City workers used to tear down one or two encampments a day. Now, they sometimes clear dozens. Since late May, teams that include sanitation workers in garbage trucks, police officers and outreach workers have cruised Manhattan around the clock, hitting the same spots over and over.
The sweeps are part of a broader effort by Mayor Bill de Blasio that includes transferring more than 8,000 people from hotels, where they had been placed to stem the spread of the coronavirus, to barracks-style group shelters.
The transfers are continuing despite the recent surge in the Delta variant, though the city told a judge that it would delay the moves on Monday to address concerns that it was not adequately considering people’s health problems and disabilities.
The city is also responding to months of complaints about homeless people blocking public spaces, menacing passers-by and committing assaults. On Wednesday, Gov.
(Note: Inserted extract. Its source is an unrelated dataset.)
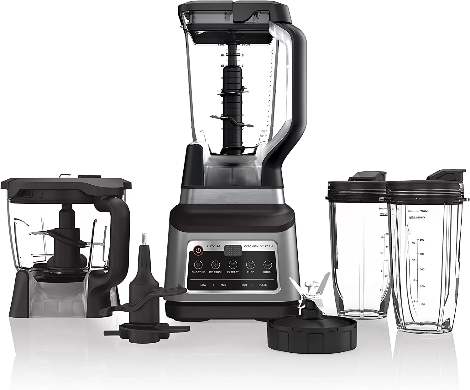 Mega Kitchen System, 72 oz. Pitcher, 8-Cup Food Processor, 16 oz. Single Serve Cup, 1500-Watt, Black

Andrew M. Cuomo, whose administration has slashed aid for addressing homelessness, cited the problem as one of the main hurdles to the city’s recovery.
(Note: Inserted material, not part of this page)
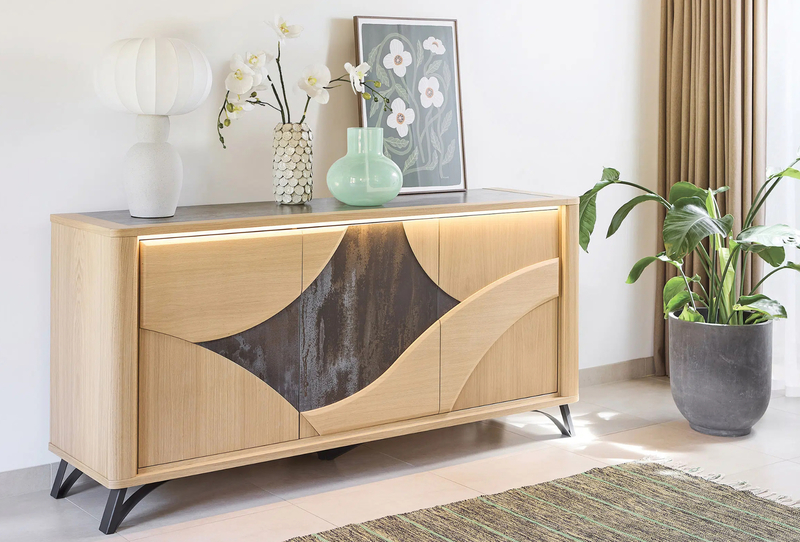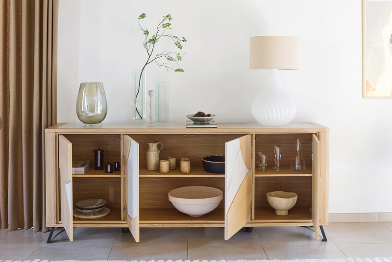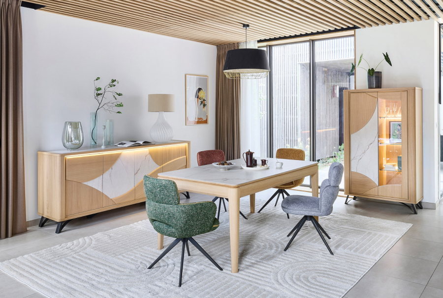 Le mariage du bois et de la céramique pour un intérieur tout en caractère.

The debate over how to tackle homelessness in New York City, where more than 2,000 people live on the streets and the subway, comes as cities across the country grapple with growing encampments.
On Wednesday, the Los Angeles City Council outlawed camping near parks, libraries and schools. On Saturday, a national eviction moratorium expired, spurring fears of a new surge in homelessness, though in New York the moratorium continues through Aug. 31.
By the Fourth of July, the tourist season in Provincetown, Mass., had built to a prepandemic thrum. Restaurants were booked solid, and snaking lines formed outside dance clubs. There were conga lines, drag brunches and a pervasive, joyous sense of relief.
“We really thought we had beat Covid,” said Alex Morse, who arrived this spring as town manager.
Mr. Morse didn’t think much of it, five days after the holiday, when the town’s Board of Health logged two new cases of coronavirus. A week later, though, the cluster of cases associated with gatherings in Provincetown was growing by 50 to 100 cases per day. Alongside the numbers was an unsettling fact: Most of the people testing positive were vaccinated.
Provincetown, a quirky beach community at the tip of Cape Cod, has provided a sobering case study for the country, abruptly tugging Americans back to the caution of winter and spring.
The Centers for Disease Control and Prevention cited the cluster on Friday as key to its decision to issue new indoor mask guidance, saying viral loads among the vaccinated people there were found to be as high as among the unvaccinated.
The good news is that people infected in Provincetown were for the most part not seriously ill. The bad news is that the variant is extraordinarily contagious — as contagious as chickenpox, the C.D.C. said — and people with breakthrough infections may spread the virus to others.
As a wave of major U.S. employers said last week that unvaccinated workers would need to submit to regular coronavirus testing, it raised a thorny question: Who pays for those tests?
Doctors typically charge about $50 to $100 for the tests, so the costs of weekly testing could add up quickly. Federal law requires insurers to fully cover the tests when ordered by a health care provider, but routine workplace tests are exempt from that provision.
“It’s really up to the employer,” said Sabrina Corlette, a research professor at Georgetown University’s Center on Health Insurance Reforms. “They can require employees to pick up the tab.”
Employers have taken a range of approaches, from fully covering the costs to having unvaccinated workers pay full freight.
The U.S. government will pay for its unvaccinated workers’ coronavirus testing, Karine Jean-Pierre, the deputy White House press secretary, said at a news briefing on Friday. Each federal agency will come up with a plan for testing its unvaccinated work force, she said, adding that the costs and procedures of each agency’s testing protocols will depend on the number of unvaccinated people they need to monitor.